AETHER’S CREW STRUGGLED with time. There was so much of it—the hours in each day and the hours in each night, again and again. Weeks, then months to fill. Without knowing what was waiting for them on Earth the prescribed tasks and routines became empty. Pointless. If they would never feel Earth’s gravity again, then why bother with all the medication and exercise to remind their bodies of its weight? If they would never share their discoveries from the Galilean moon survey, then why continue the research? If their planet and everyone they had ever known was burnt or frozen or vaporized or diseased or some other equally unpleasant version of extinction, then what did it matter if they became careless and depressed? Who were they trying to make it home for? What did it matter if they overslept and overate, or underslept and underate—wasn’t despair appropriate? Didn’t it fit their situation?
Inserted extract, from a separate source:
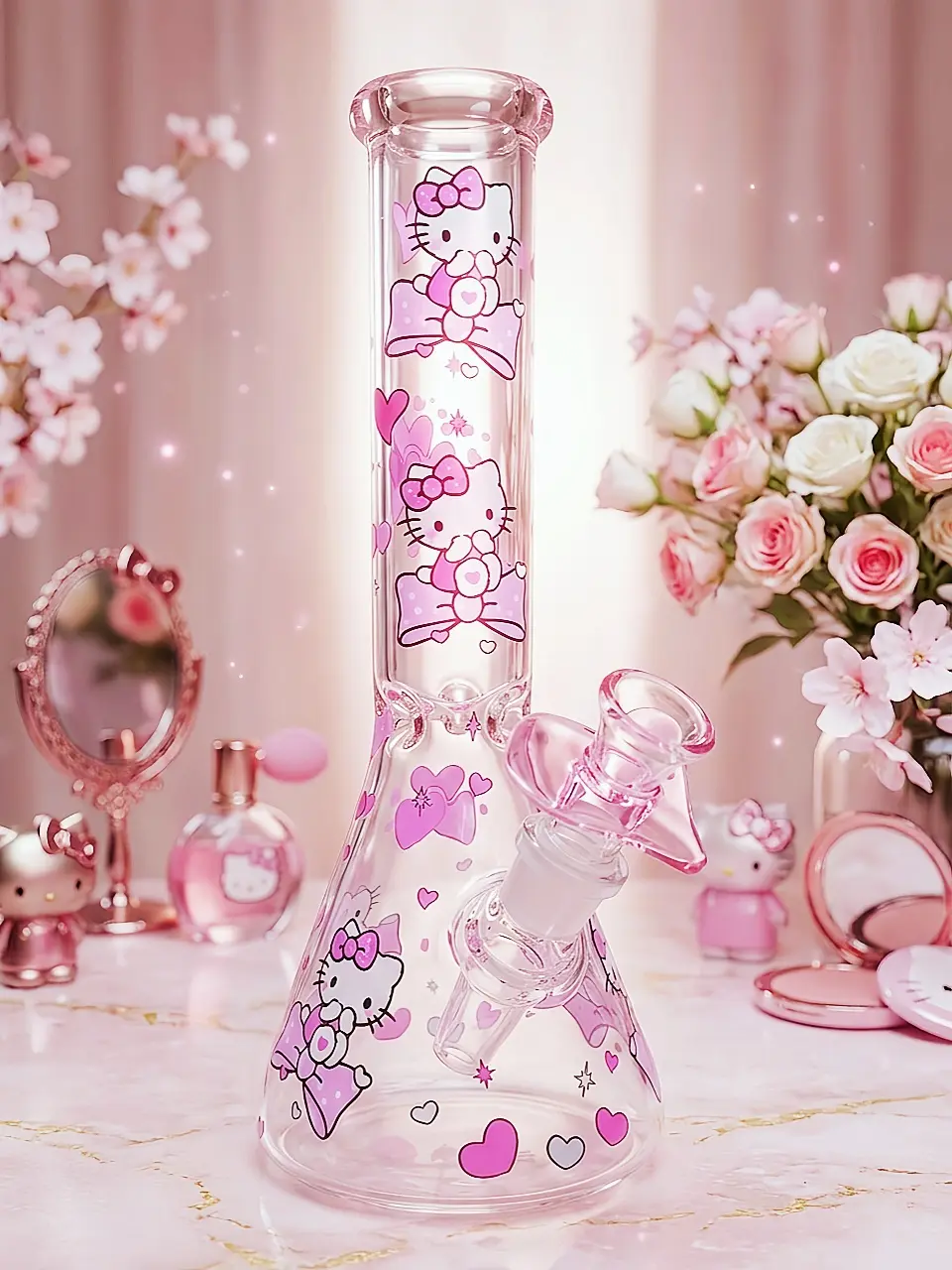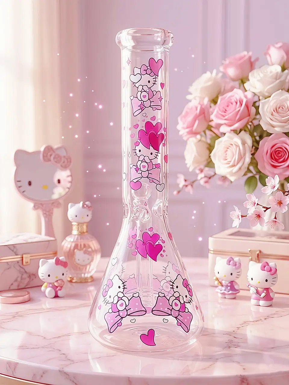 🎀🩷This sweet glass piece combines the timeless cuteness of Hello Kitty with modern playful art. Designed with a sturdy beaker base, the soft pink bow is the star of the design, surrounded by hearts and sparkling stars, creating a dreamy, healing, and super girly aesthetic.
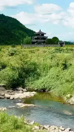 Overlook the rolling rice fields from here; in autumn, the golden fields frame the ancient building like a painting

Everything seemed to move more slowly. A tense apprehension settled over the crew: the weight of the unknown, of creeping futility. Sully found herself typing more slowly, writing more slowly, moving less, thinking less. At first the crew’s collective curiosity burned brightly, as they struggled to understand what had happened, but soon it gave way to a hopeless surrender. There was no way to know, no data to study except the lack of data. Their silent Earth was still ten months away, a long journey to an uncertain home. Nostalgia crept up on her—on all of them. They missed the people, the places, the objects they’d left behind—things they were beginning to think they would never see again. Sully thought of her daughter, Lucy, exuberant and high-pitched, a little blond-haired, brown-eyed cyclone that spun through Sully’s memory the same way she’d spun through their small house. She wished that she had brought more pictures, that she had had a whole thumb drive full of them—more than just the one, which was out of date even when they left. What kind of mother wouldn’t have brought at least a dozen, she thought. And on a two-year trip, when her daughter was turning into a young woman? Sully hadn’t received video uplinks from anyone except work colleagues the entire time she’d been on Aether. She would have treasured them, replayed them over and over, but there was nothing from Lucy, and definitely nothing from Jack. The estrangement of her family hadn’t broken her heart until she left the atmosphere—then all of a sudden it felt like a tragedy that had just recently befallen her, even though it had been that way for years. She tried to re-create the missing photos in her mind, the Christmases and birthdays and that time Lucy and Jack and Sully went whitewater rafting in Colorado, before the divorce. The scenery was easy to fill in—a lopsided blue spruce tree hung with silver tinsel, that green plaid sofa from their old apartment, chili pepper lights in the kitchen, the row of potted plants behind the sink, the red Land Rover packed for a road trip—but it was their faces that were hard to recall.